The US spy program narrowly survived a legislative challenge on Wednesday when the House of Representatives voted down an attempt to restrict its capacity to collect electronic information.

Lawmakers rejected a proposed amendment to the defense appropriations bill by a majority of 217-205.

The amendment, put forward Republican Representative Justin Amash, would have cut funding for a National Security Agency (NSA) program that gathers information on telephone data from millions of Americans.

Changes to the law were backed by an unusual alliance of Tea Party Republicans and liberal Democrats. However the White House, several senior members of Congress, and senior intelligence officials, all came out in support of the surveillance program.

Wednesday's vote was the first legislative move in connection with the NSA program since Snowden's revelations six weeks ago.
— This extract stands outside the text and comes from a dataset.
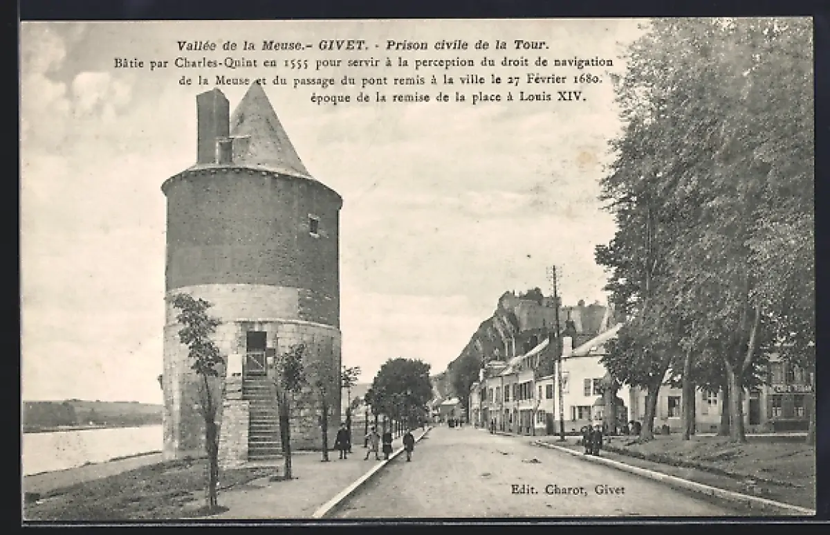 AK Givet, Prison civile de la Tour et rue bordant la Meuse

The former NSA contractor leaked details of programs that collect phone logs from US citizens and Internet data from the accounts of foreigners. Snowden, who remains holed up inside the transit zone of a Moscow airport, is seeking asylum in Russia.

US lawmakers divided

Despite fierce White House lobbying ahead of the vote, Democrats and Republicans alike were split over the proposed amendment. A majority of 111 House Democrats voted for the Amash amendment while 83 were against. Among Republicans, 94 were for it and 134 against.

In a heated debate ahead of the vote, Amash argued the Obama administration was using fear to help justify its "violation of rights."

"The government collects the phone records, without suspicion, of every single American in the United States," Amash said.

Republican Representative Tom Cotton countered that the program had stopped "dozens of terrorist attacks," and "saved untold American lives."

"This amendment ... does not limit the program, it does not modify it, it does not constrain the program, it ends the program. It blows it up," he warned.

A second amendment that also addressed US surveillance but was seen as having far less of an impact passed by 409 votes to 12. Both measures were part of a Department of Defense spending bill, later passed by the House, which approved nearly $600 billion (456.6 billion euros) in Pentagon spending for the 2014 fiscal year.

According to a recent poll by The Washington Post and ABC News almost three-quarters of respondents believe the NSA programs were infringing on some Americans' privacy rights.